**What you have to do:** Going line by line through the records below, write out everything starting with the line containing "Join us at the" and going on through the line containing "Водяной стационарный полотенцесушитель", exactly and inclusively. Pictures do not go in.

**Data listing:**
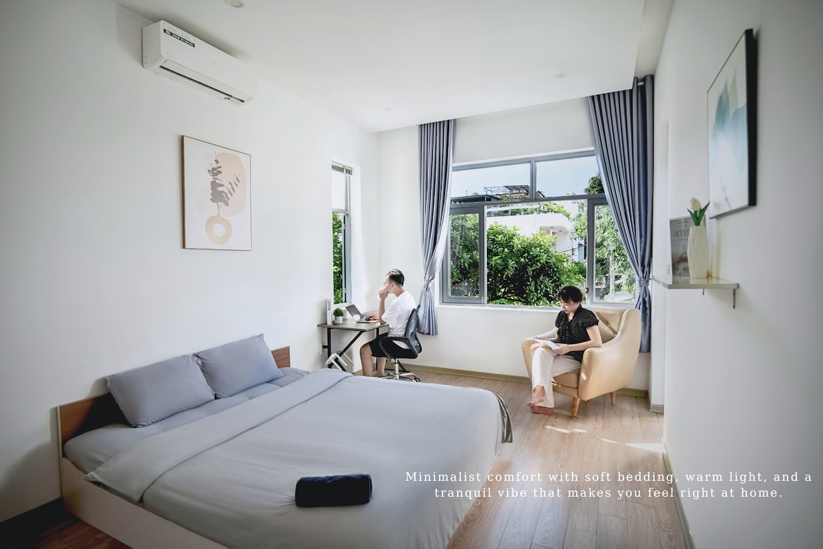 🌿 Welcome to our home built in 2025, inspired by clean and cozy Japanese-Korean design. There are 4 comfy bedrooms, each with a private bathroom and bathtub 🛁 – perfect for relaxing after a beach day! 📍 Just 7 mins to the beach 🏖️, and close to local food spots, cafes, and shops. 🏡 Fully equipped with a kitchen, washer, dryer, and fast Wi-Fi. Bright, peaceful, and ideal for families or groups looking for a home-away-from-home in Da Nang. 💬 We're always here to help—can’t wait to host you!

---

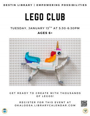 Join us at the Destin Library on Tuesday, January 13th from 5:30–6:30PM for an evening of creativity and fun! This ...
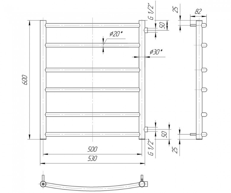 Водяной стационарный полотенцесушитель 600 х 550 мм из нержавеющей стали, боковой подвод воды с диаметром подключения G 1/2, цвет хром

--

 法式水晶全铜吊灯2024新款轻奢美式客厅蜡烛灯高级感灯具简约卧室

**Answer to this problem:**
 Join us at the Destin Library on Tuesday, January 13th from 5:30–6:30PM for an evening of creativity and fun! This ...
 Водяной стационарный полотенцесушитель 600 х 550 мм из нержавеющей стали, боковой подвод воды с диаметром подключения G 1/2, цвет хром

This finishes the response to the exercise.